### Data provided
# # #

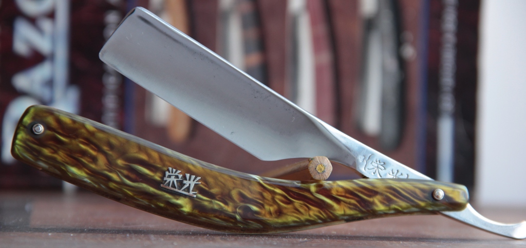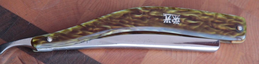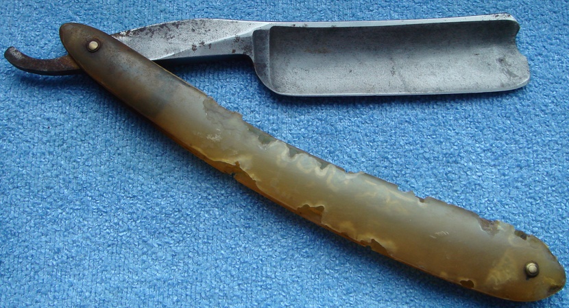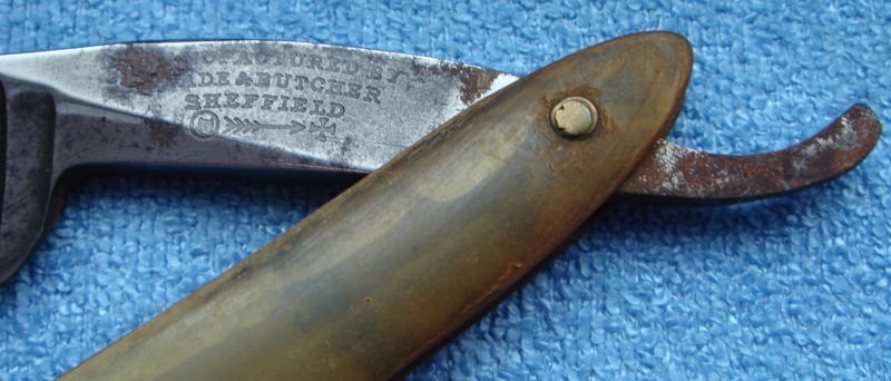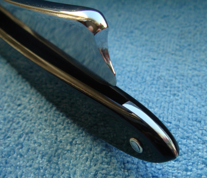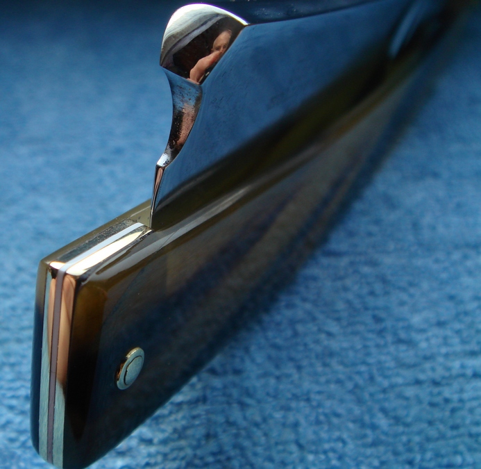 Re: Бритва до... и после...Немного взбодрил вот такого понтового японца. Предыдущий владелец ,с дуру, чтобы снять ржу и патину, прошёлся грубой шкуркой вдоль полотна, чем оставил глубокие царапины. Пришлось тут немного попотеть...
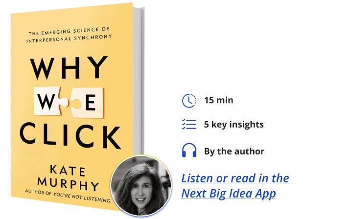 Humans are instinctively wired to sync with one another, and this invisible alignment of bodies, brains, and emotions shapes attraction, trust, and belonging. It can deepen connection and fuel cooperation, but it also makes feelings and behaviors contagious, giving each of us more influence over others than we realize. Kate Murphy is a journalist whose work has appeared in the New York Times, The Wall Street Journal, Economist, and Texas Monthly, among other publications and her new book is called Why We Click: The Emerging Science of Interpersonal Synchrony. Check out her summary on the Next Big Idea app.
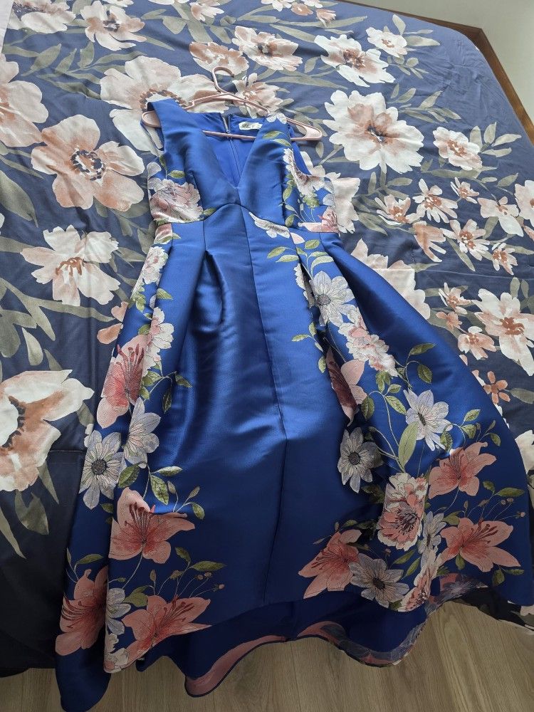 High low beautiful fabric floral gown, size 6 worn once, perfect for the holidays!

# # #

### Task objective
The pictures should be dropped, and every line above should be set down again exactly.

### Solution to the problem
 Re: Бритва до... и после...Немного взбодрил вот такого понтового японца. Предыдущий владелец ,с дуру, чтобы снять ржу и патину, прошёлся грубой шкуркой вдоль полотна, чем оставил глубокие царапины. Пришлось тут немного попотеть...
 Humans are instinctively wired to sync with one another, and this invisible alignment of bodies, brains, and emotions shapes attraction, trust, and belonging. It can deepen connection and fuel cooperation, but it also makes feelings and behaviors contagious, giving each of us more influence over others than we realize. Kate Murphy is a journalist whose work has appeared in the New York Times, The Wall Street Journal, Economist, and Texas Monthly, among other publications and her new book is called Why We Click: The Emerging Science of Interpersonal Synchrony. Check out her summary on the Next Big Idea app.
 High low beautiful fabric floral gown, size 6 worn once, perfect for the holidays!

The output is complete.